Nature always is speaking to each of us, but sometimes we are too busy to notice. When we are quiet and the influences of the 3D world are absent, we find we are in greater harmony with the natural world. We forget about the past and future and are in the present. We can be part of the rhythms of nature and of the universe. This is when we see and hear the quiet messengers around us.
Looking at the early cave art, we can see that our ancestors understood the world around them. Their lives depended on knowing their environment, so they paid attention. As we’ve become more separated from nature, our livelihoods now depend on cars, computers, and cell phones. Most of us live in urban environments, which are designed by and for business. If you’ve ever seen a new project being developed, often the first step is to bulldoze everything so it will be easier and more profitable to put in utilities, streets, and homes. It is painful to see.
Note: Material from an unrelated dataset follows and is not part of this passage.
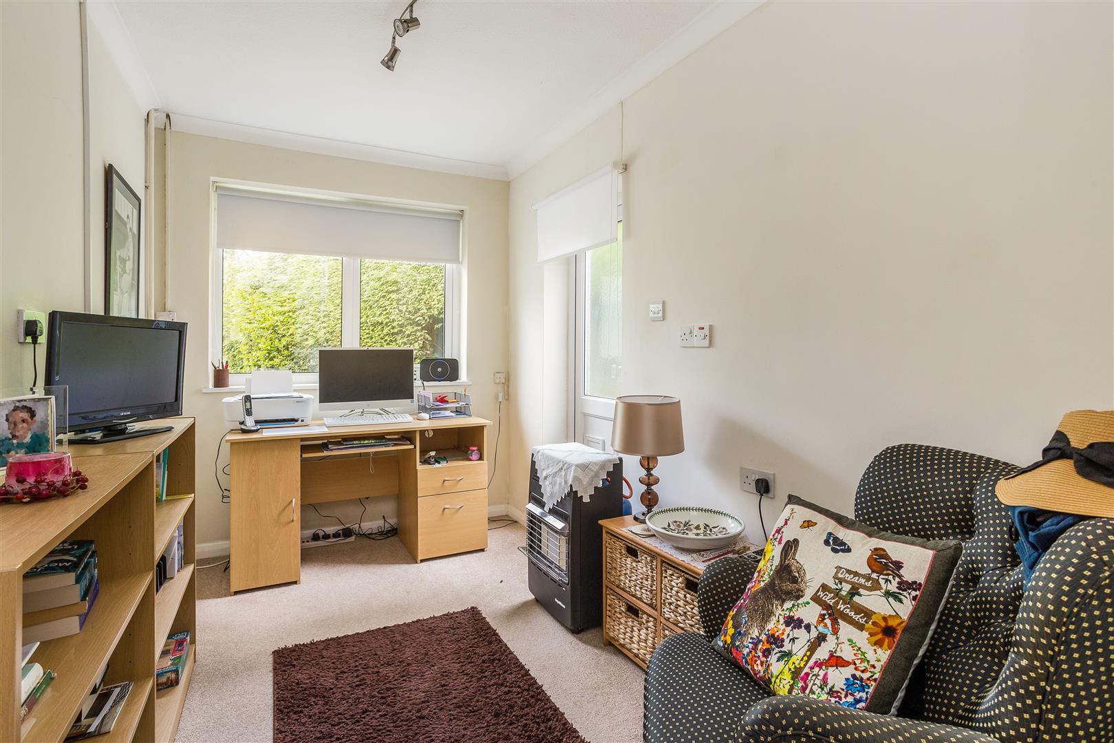 The garage includes a sink unit with hot and cold water, as well as plumbing for a washing machine. Space for a freestanding tumble drier. A door opens onto the rear garden.

We’ve been moving as a group to a society that promotes separation from the outside world, and we lost the ability to communicate with an important and prolific source of information. So, how do we regain this connection? The first step is easy. Go outside, sit down, and be quiet. Or, as we learned in kindergarten – stop, look, and listen. Notice who is in your yard or the park. As this becomes a habit, you will see and hear more around you, and you might even share your insights and ignite a spark in others.
When I notice a visitor, I first consider the traits of the animal, bird, insect, or plant. (Living inland, I don’t encounter sea life.) If I still have questions, I consult the lore from American Indians. With my heritage and experiences in other lives, I value it greatly because they were masters at observation and interpretation.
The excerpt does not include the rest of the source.